My connection with Catalunya has existed for almost ten years now. I first went there in the summer of 2010 to visit some Catalan friends and fell in love with the place immediately.
Like Cymru, they too are a nation within a larger state, with a separate sense of history, belonging and place which grounds the population in a familiarity and stability. Also like Cymru, the quest to re-define itself is an on-going process wrought with contention, conflict and confusion.
Since that first visit, I have travelled back numerous times to play gigs, speak at political debates and to visit friends. Each time, the murmurs towards self-determination have grown stronger to the point where now the agenda of independence is very much at the forefront of everyday life. Walking around the streets of Barcelona today, you will see the cultural traces of protest everywhere. From pro-independence flags draped on the balconies of people’s homes, to stickers on lampposts urging the importance of Spanish unity, the streets are very much the stage that this movement is being played out on.
Being a political musician, I am drawn to the art of protest. No place is absent from sound, and I have always been fascinated with not only how music and sound are influenced by a place, but also how those sounds can equally shape a place.

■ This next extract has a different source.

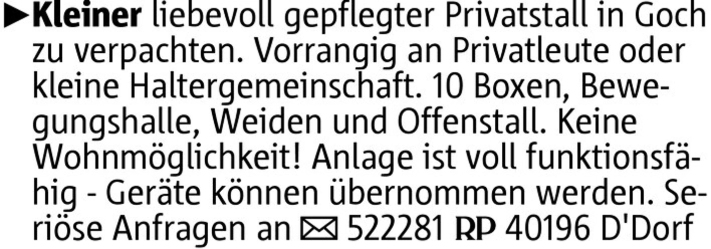 Kleiner liebevoll gepflegter Privatstall in Goch zu verpachten. Vorrangig an Privatleute oder kleine Haltergemeinschaft. 10 Boxen, Bewegungshalle, Weiden und Offenstall. Keine Wohnmöglichkeit! Anlage ist voll funktionsfähig - Geräte können übernommen werden. Seriöse Anfragen an 522281 40196 D'Dorf

This is why I decided to travel back to Barcelona in the week before the October 1st referendum for independence, to understand the extent music and sound played in the days leading up to the vote.
Music’s presence is inevitable in any political struggle, wherever you are in the world and in this piece, which is my debut short film, I wanted to show not only how music was integral in bringing people together and for creating spaces of solidarity, but how it was also used as an amplifier of people’s histories and emotions. Mixing interviews with a narrative that I wrote after returning from Catalunya, the piece shows the power that the vibrations of sound can have in instigating a revolution to challenge state power.
The conversations with people on the street revealed that music is more than just a tool of defiance, it is a universal language, an embodied experience that has the power to infiltrate minds, bodies and souls unlike anything else.
I don’t think anyone could have predicated the scale of disproportionate violence that occurred on the day of the vote, and I think releasing this film now has a deeper poignancy because it emphasises the optimism, hope and peacefulness of the campaign leading up to that violent day.